Schematic representation of screening protein-protein interactions with NAPPA.
(A) On each spot, a target plasmid and an affinity capture molecule are linked to the prepared glass slide.
(B) The slide is bathed with the cell-free in vitro transcription/translation mix, containing one or more query plasmids expressing different affinity tags.
(C) The target proteins are expressed and immobilized on the spots, as are query proteins if they bind to that target.
(D) The wells are then washed to remove unbound protein.
(E) Target-query complexes are detected by fluorescence.

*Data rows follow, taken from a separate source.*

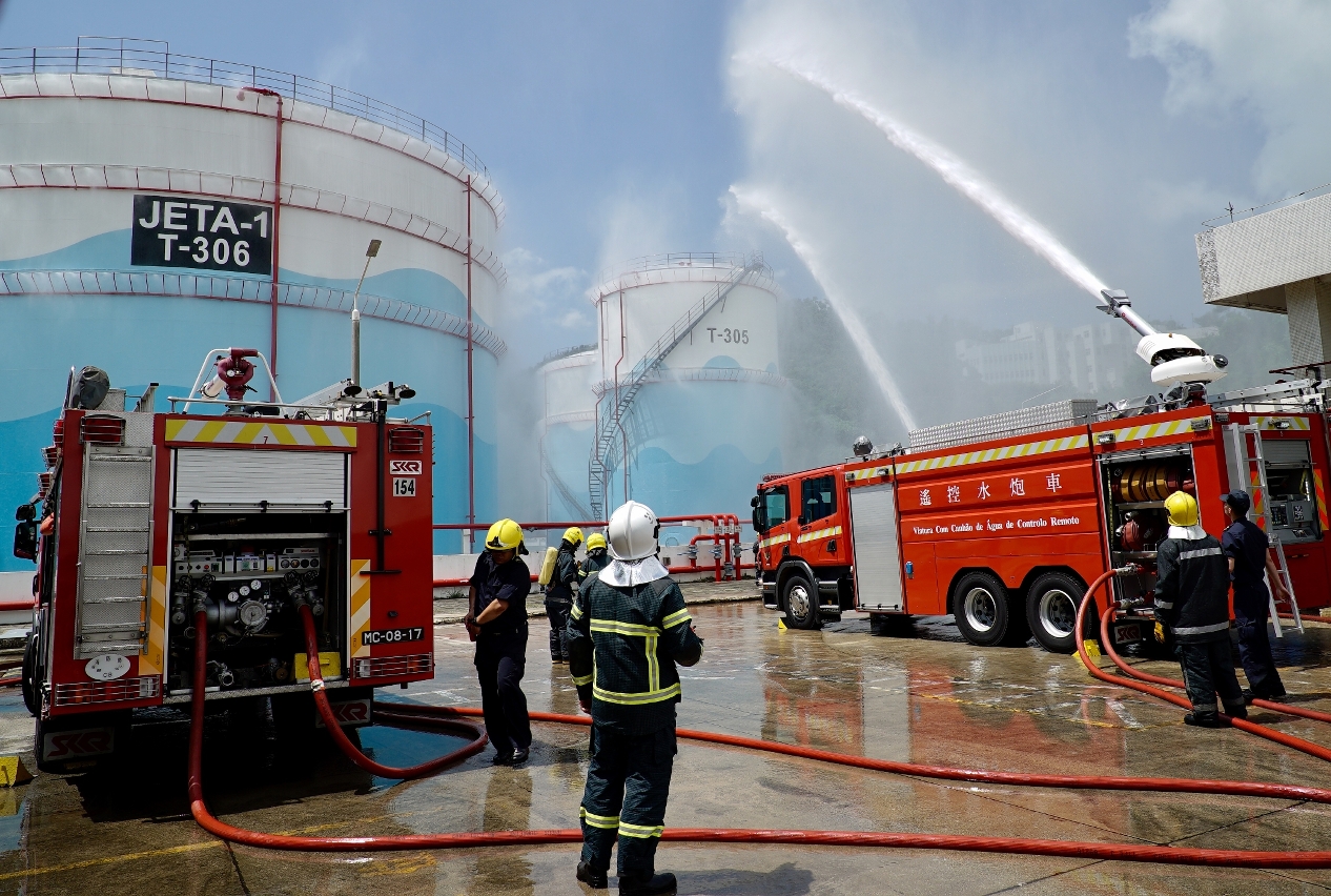 為加強九澳油庫在發生事故時的應急工作及協調溝通能力,消防局於本年6月28日,協助澳門油庫管理有限公司在九澳油庫內舉行火警疏散演習,從而測試消防局與九澳油庫之間的協調機制,提高事故時的救援效率。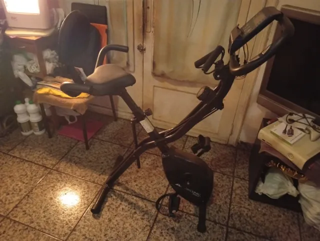 Bicicleta estática para ejercicio en casa. - Diseño compacto y funcional. - Asiento ajustable. - Manillar ergonómico.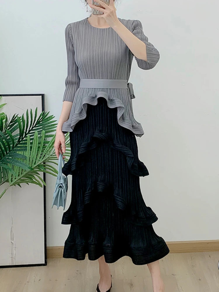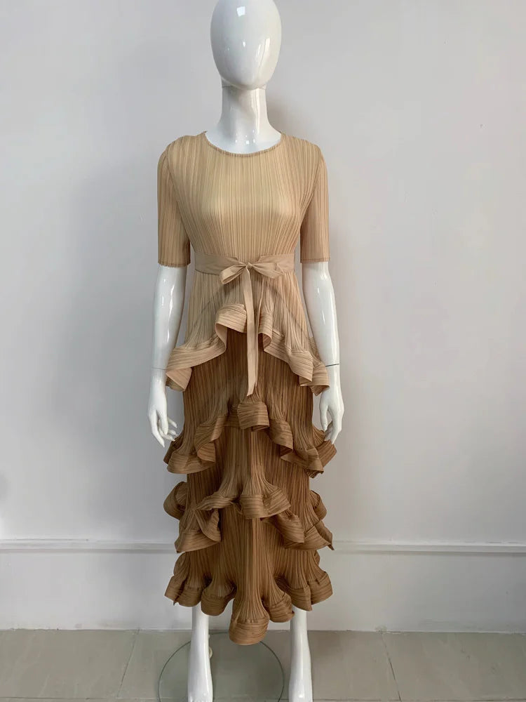 Color Block Patchwork Pleated Dress Women Elegant Round Neck Long Sleeves Belt Dresses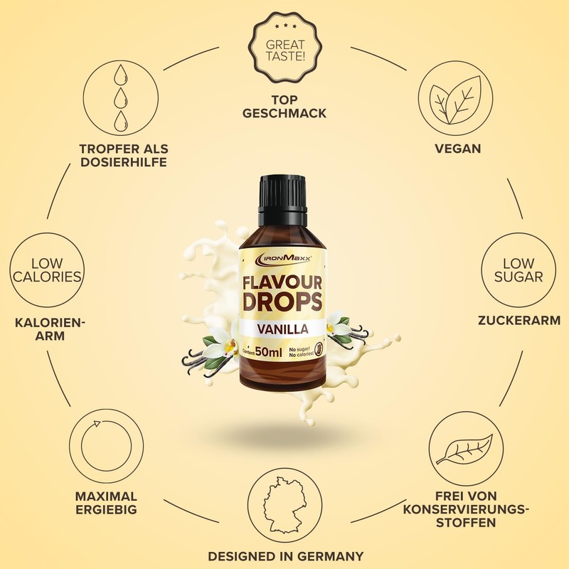 - Box contents: 1 x 50 ml IronMaxx flavour drops, vanilla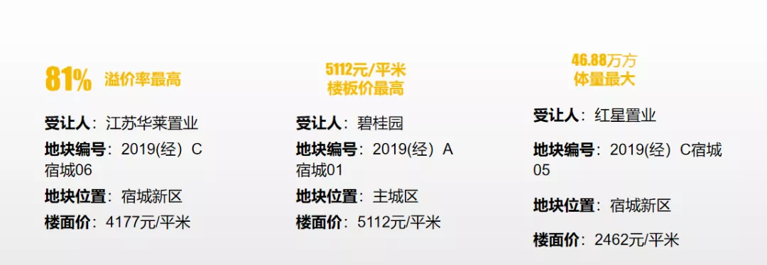 宿城区2019(经)A宿城01地块,该地块以852万元/亩的成交单128493.95万元的成交总价“夺冠”19年土地市场,由上海新碧房地产开发有限公司(碧桂园)拍得,鼎鼎有名的江山赋诞生于此,2019年12月开盘时以备案均价13126-22221元/㎡成为古黄河板块的年度地王。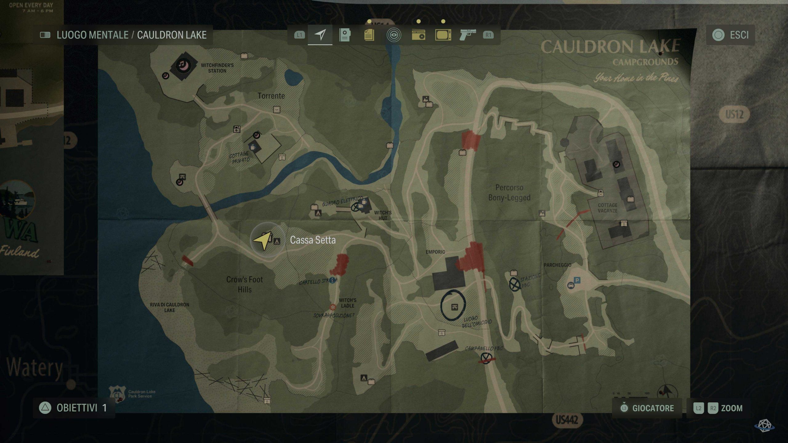 Nel piccolo lembo di mappa alla sinistra del luogo dell’omicidio, dove c’è il punto per mettere la tenda. Alla sinistra delle tende.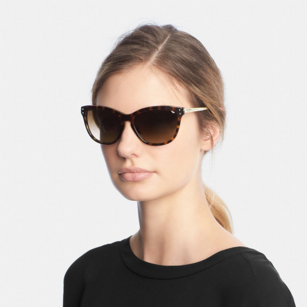 Subtle cat-eye curves make a bold statement on these oversized square frames with gradient lenses. Crafted exclusively for Coach by a premier Italian eyewear maker, the sophisticated design comes finished with refined details like engraving at the temples and a keyhole bridge.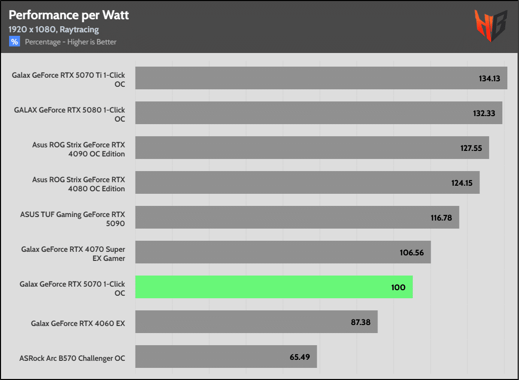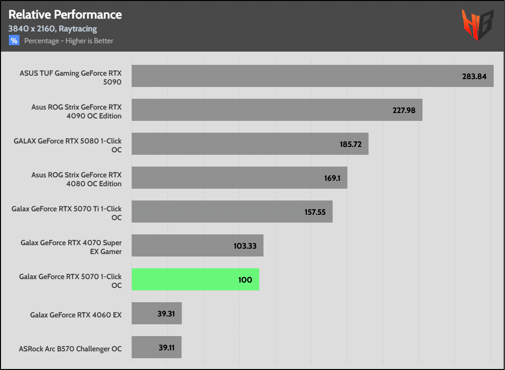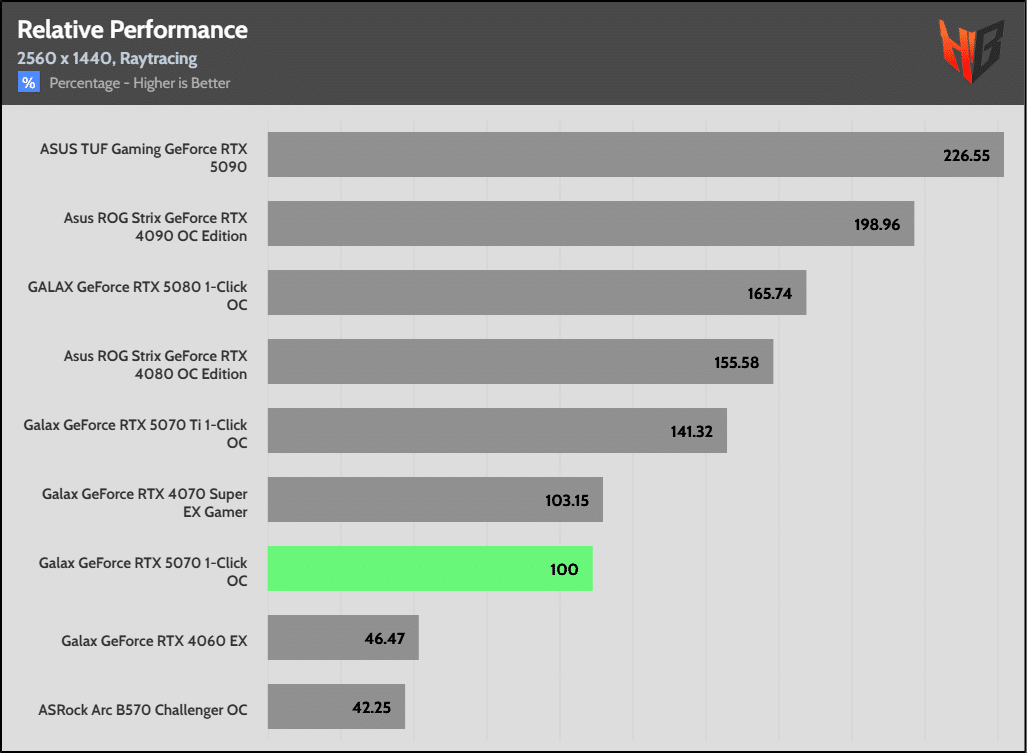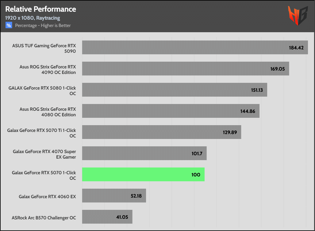 I noticed low performance in Ratchet & Clank in these benchmarks, which greatly affected the 5070’s overall performance and led to low overall scores. Although the performance of the 5070 with RT enabled is a little above the rest titles, the low performance in Ratchet & Clank affected the overall performance score.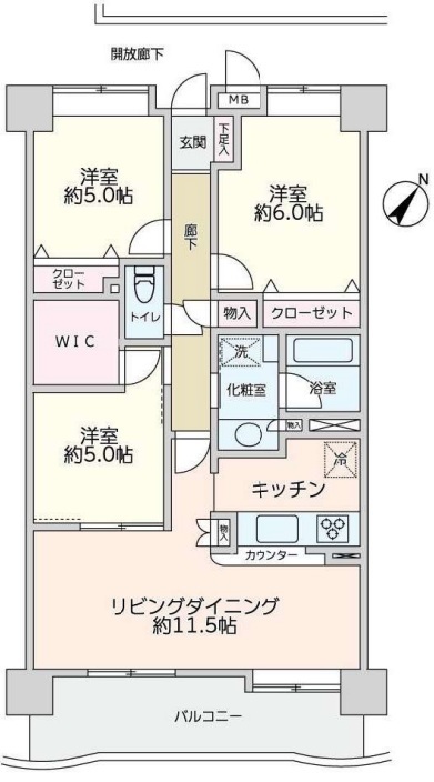 | 間取 | 3LDK (LD11.5帖、K2.6帖、洋室6.0帖、洋室5.0帖、洋室5.0帖) | ||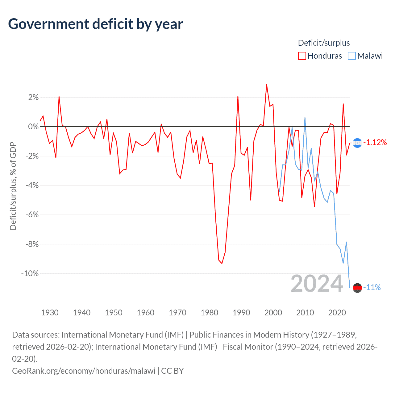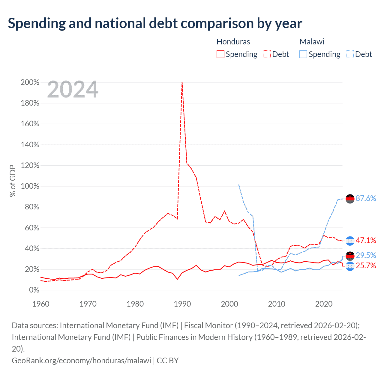 Honduras has $17.5B in government debt (47.1% of GDP), compared to $9.91B (87.6% of GDP) in Malawi.

Existing protein arrays involve the tedious and lengthy process of expressing proteins in living cells followed by purifying, stabilizing, and spotting the samples. This process is a bottleneck in the preparation of the arrays. Moreover, functionally active proteins require careful manipulation, and the less that is needed the better. Our approach to developing a protein array, a Nucleic Acid-Programmable Protein Array (NAPPA), replaces the complex process of spotting purified proteins with the straightforward and much simpler process of spotting plasmid DNA.
NAPPA Microarray. Genes (35) involved in eukaryotic DNA replication are expressed and immobilized in situ as GST fusion proteins on a microarray format. Expression of target proteins was detected by fluorescence. The samples were arrayed using a GMS 417 pin arrayer with 900µm spacing.